# Building Layers Lab

### Introduction

In this lab, we'll reconstruct the hypothesis and forward functions for a neural network, all using Pytorch.  At the end we'll have functions that can initialize a neural network, and use the network to make predictions for our MNIST dataset.  Let's get started.

### Loading our Data

In [1]:
from sklearn.datasets import fetch_openml

X, y = fetch_openml('mnist_784', version=1, return_X_y=True)

In [6]:
X.shape

(70000, 784)

In [4]:
first_observation = X[:1]
first_observation.shape

(1, 784)

And we can see that this represents the number 5.

In [5]:
y[0]

'5'

### Working with a Linear Layer

Now let's initialize our first linear layer.  Initialize a `Linear` layer with 64 neurons each of which take in the features of an observation from our MNIST dataset.

In [42]:
from torch.nn import Linear
torch.manual_seed(123)

W1 = Linear(784, 8)

In [11]:
W1.in_features

# 784

784

In [12]:
W1.out_features

# 8

8

Now let's take a look at the shape of the weight matrix and the bias vector initialized in our layer.

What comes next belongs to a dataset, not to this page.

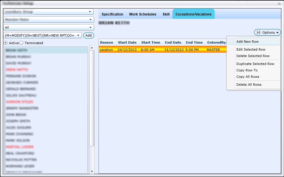 Exceptions/Vacations will allow you to block off any Date Range or Multi-Date (s) for any Advisor when they are out of work. (Vacation, Sick etc.)

> First look at the shape of the weight matrix.

In [14]:
W1.weight.shape

# torch.Size([8, 784])

torch.Size([8, 784])

> And then let's return the shape of the bias vector.

In [15]:
W1.bias.shape

# torch.Size([8])

torch.Size([8])

Now let's pass through some data through the linear layer.  To do so, we'll first have to translate our numpy array into a tensor.

In [37]:
import torch
X_tensor = torch.tensor(X)

> We need to convert the tensor to be of type float.

In [35]:
first_two_observations = X_tensor[:2].float()
first_two_observations

tensor([[0., 0., 0.,  ..., 0., 0., 0.],
        [0., 0., 0.,  ..., 0., 0., 0.]])

Now let's pass these two observations through the linear layer.

In [43]:
W1(first_two_observations)

# tensor([[   2.5655,   44.3726,  -50.8704,  -31.6235,  -75.0541,  -56.1966,
#           -14.1126,  -45.3884],
#         [  86.7214,  -24.9196,   96.3119,  -63.9667,  -69.7478, -144.3202,
#            10.7071,  -31.4456]], grad_fn=<AddmmBackward>)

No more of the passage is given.